WHAT YOU WILL DO: Set the listing down exactly; no pictures.

Start of EXERCISE DATA

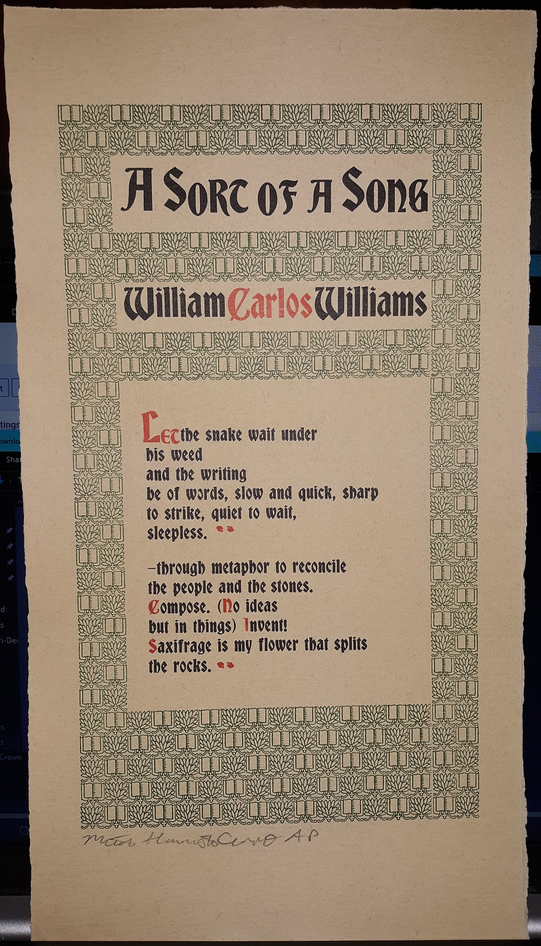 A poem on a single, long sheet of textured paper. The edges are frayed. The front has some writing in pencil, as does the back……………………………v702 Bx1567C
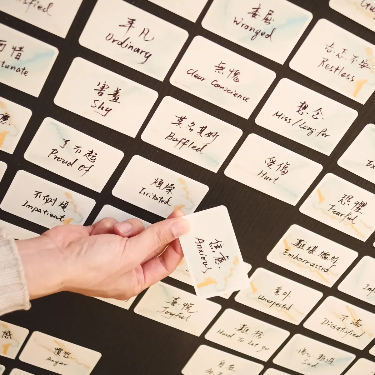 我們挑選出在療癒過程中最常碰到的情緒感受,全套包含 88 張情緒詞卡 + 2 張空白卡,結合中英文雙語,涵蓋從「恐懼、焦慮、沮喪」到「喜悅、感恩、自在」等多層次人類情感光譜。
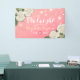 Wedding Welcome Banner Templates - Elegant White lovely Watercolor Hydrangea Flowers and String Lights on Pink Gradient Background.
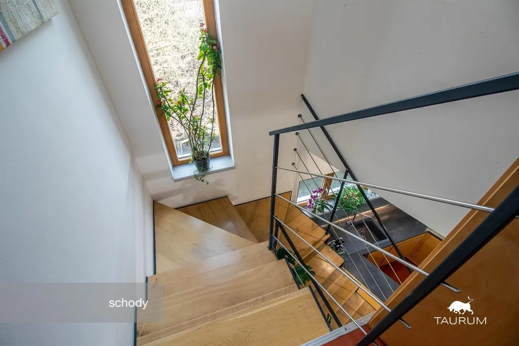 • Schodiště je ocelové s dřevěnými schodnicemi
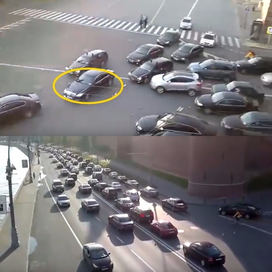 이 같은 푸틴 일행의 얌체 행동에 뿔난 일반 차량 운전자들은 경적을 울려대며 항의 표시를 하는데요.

End of EXERCISE DATA

WORKED SOLUTION:
 A poem on a single, long sheet of textured paper. The edges are frayed. The front has some writing in pencil, as does the back……………………………v702 Bx1567C
 我們挑選出在療癒過程中最常碰到的情緒感受,全套包含 88 張情緒詞卡 + 2 張空白卡,結合中英文雙語,涵蓋從「恐懼、焦慮、沮喪」到「喜悅、感恩、自在」等多層次人類情感光譜。
 Wedding Welcome Banner Templates - Elegant White lovely Watercolor Hydrangea Flowers and String Lights on Pink Gradient Background.
 • Schodiště je ocelové s dřevěnými schodnicemi
 이 같은 푸틴 일행의 얌체 행동에 뿔난 일반 차량 운전자들은 경적을 울려대며 항의 표시를 하는데요.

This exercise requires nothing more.